Source data
○ ○ ○

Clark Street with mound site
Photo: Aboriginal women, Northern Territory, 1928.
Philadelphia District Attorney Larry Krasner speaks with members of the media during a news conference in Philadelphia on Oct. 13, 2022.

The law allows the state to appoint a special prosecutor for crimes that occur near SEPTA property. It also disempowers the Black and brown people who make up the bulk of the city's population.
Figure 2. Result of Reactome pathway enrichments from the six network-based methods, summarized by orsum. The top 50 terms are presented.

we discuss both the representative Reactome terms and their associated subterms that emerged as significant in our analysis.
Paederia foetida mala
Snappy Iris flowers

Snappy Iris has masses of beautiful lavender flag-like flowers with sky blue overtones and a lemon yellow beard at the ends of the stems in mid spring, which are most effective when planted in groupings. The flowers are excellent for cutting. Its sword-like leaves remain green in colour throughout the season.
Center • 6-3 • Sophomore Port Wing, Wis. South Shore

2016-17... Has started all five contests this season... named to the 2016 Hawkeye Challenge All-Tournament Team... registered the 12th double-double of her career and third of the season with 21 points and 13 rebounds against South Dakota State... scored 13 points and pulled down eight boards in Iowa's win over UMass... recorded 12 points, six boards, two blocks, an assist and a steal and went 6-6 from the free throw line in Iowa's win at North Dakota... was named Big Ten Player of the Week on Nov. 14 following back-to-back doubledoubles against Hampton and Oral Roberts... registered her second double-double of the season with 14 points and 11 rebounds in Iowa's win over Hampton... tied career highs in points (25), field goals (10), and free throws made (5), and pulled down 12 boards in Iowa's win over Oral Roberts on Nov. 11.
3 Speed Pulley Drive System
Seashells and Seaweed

○ ○ ○

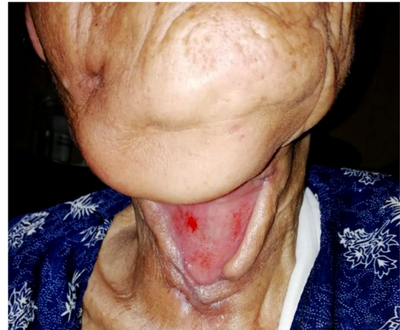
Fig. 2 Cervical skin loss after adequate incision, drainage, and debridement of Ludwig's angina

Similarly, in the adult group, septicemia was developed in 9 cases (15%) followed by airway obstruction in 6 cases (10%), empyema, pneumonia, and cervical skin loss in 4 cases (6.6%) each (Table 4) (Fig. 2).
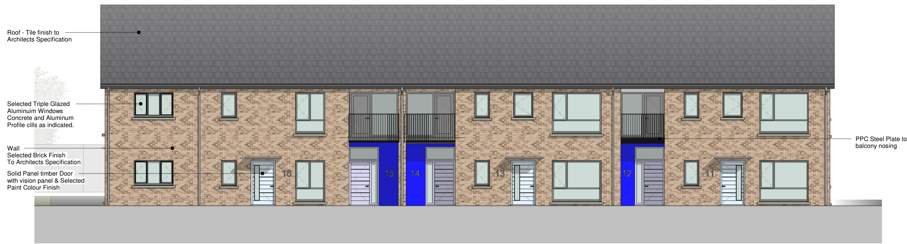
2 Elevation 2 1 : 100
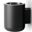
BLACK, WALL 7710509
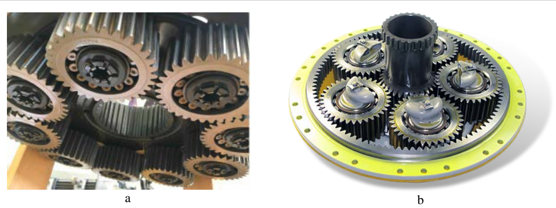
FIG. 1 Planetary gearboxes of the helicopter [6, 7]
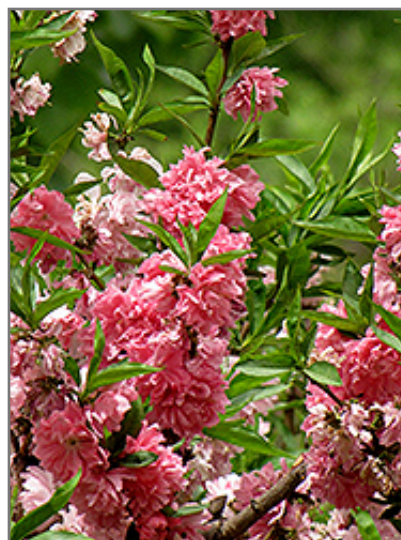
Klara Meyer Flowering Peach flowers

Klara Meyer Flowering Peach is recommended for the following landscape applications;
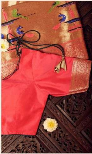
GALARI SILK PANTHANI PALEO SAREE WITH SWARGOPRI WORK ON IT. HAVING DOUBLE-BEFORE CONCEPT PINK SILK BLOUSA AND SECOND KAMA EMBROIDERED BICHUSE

○ ○ ○

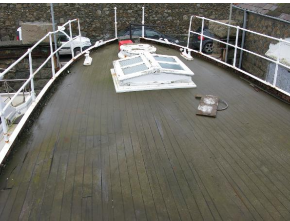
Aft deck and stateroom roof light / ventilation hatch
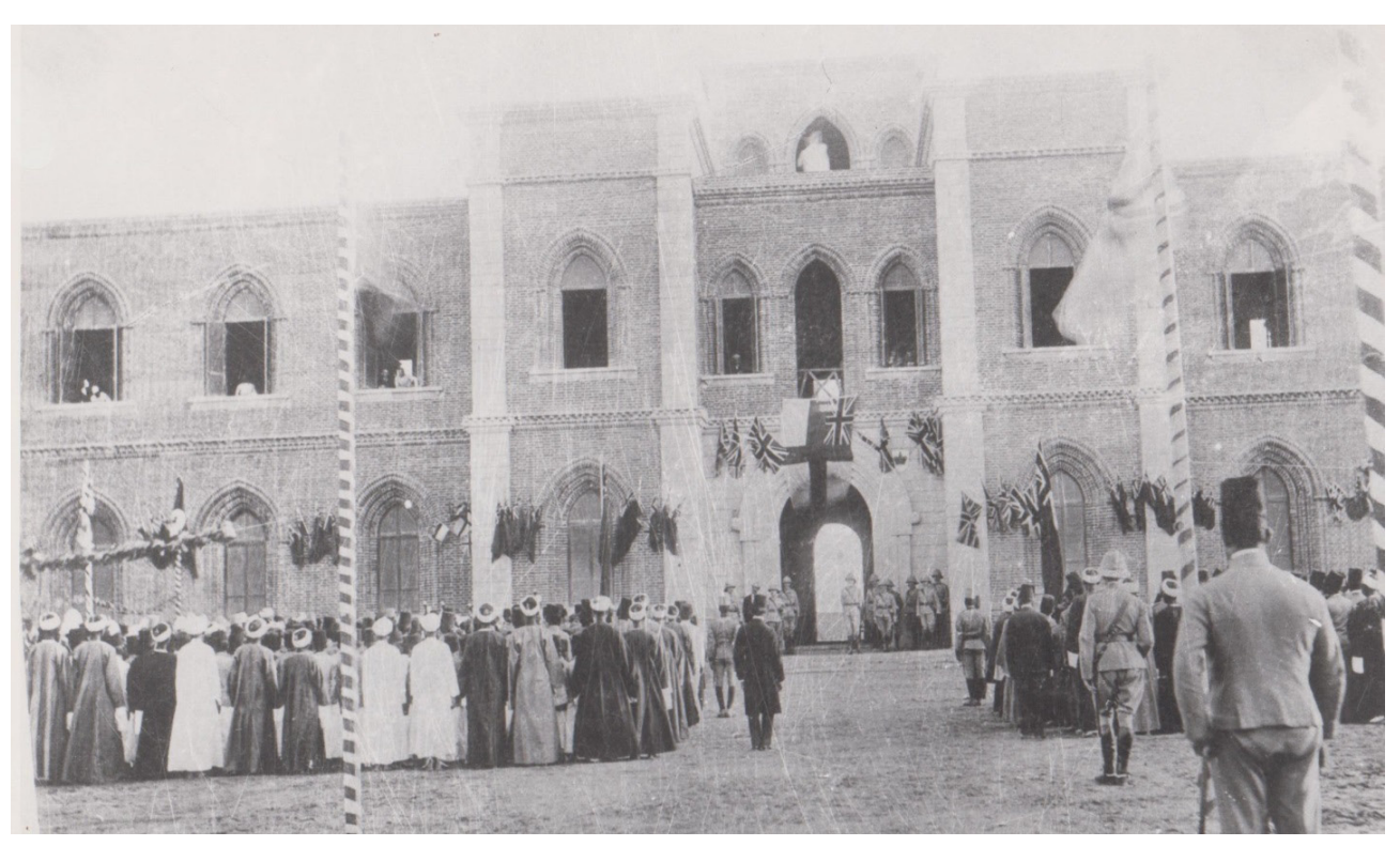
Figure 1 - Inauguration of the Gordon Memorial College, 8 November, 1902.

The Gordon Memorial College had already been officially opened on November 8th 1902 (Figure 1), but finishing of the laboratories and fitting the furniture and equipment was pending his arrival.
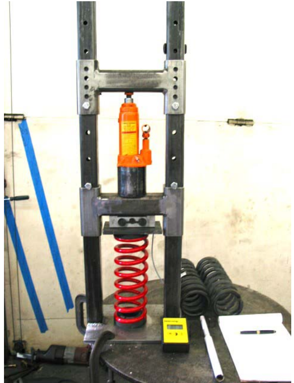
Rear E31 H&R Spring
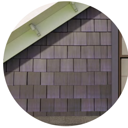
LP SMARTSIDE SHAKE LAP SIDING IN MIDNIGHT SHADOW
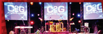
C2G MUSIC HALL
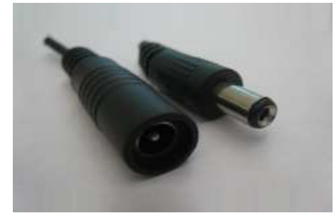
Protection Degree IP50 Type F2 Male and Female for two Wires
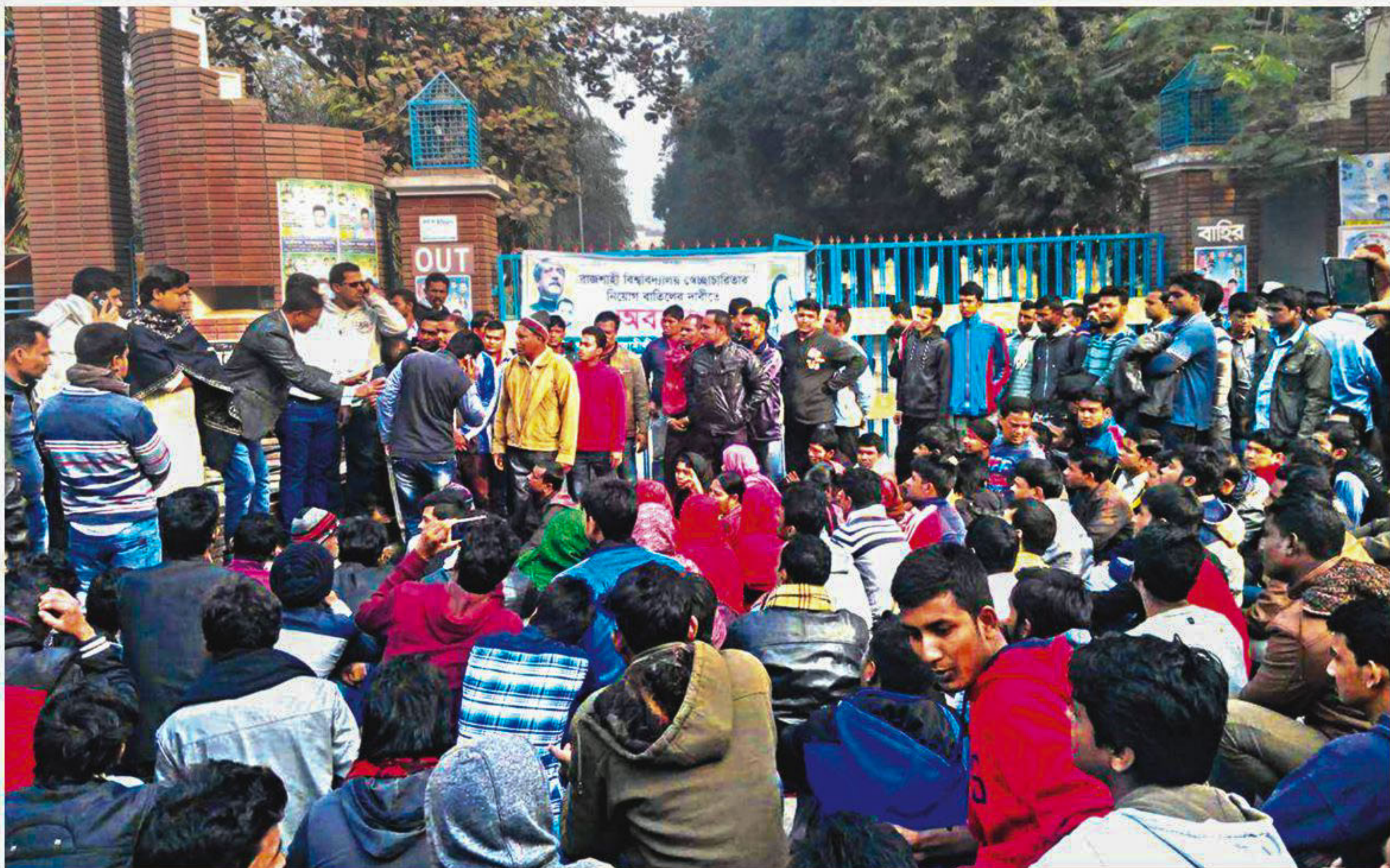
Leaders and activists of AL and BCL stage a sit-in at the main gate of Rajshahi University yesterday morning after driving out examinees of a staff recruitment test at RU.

○ ○ ○

*EXERCISE OBJECTIVE*
Please make an exact copy of the lines above from the line with "Center • 6-3" through the line with "Seashells and Seaweed", both ends included.

*TASK OUTPUT*
Center • 6-3 • Sophomore Port Wing, Wis. South Shore

2016-17... Has started all five contests this season... named to the 2016 Hawkeye Challenge All-Tournament Team... registered the 12th double-double of her career and third of the season with 21 points and 13 rebounds against South Dakota State... scored 13 points and pulled down eight boards in Iowa's win over UMass... recorded 12 points, six boards, two blocks, an assist and a steal and went 6-6 from the free throw line in Iowa's win at North Dakota... was named Big Ten Player of the Week on Nov. 14 following back-to-back doubledoubles against Hampton and Oral Roberts... registered her second double-double of the season with 14 points and 11 rebounds in Iowa's win over Hampton... tied career highs in points (25), field goals (10), and free throws made (5), and pulled down 12 boards in Iowa's win over Oral Roberts on Nov. 11.
3 Speed Pulley Drive System
Seashells and Seaweed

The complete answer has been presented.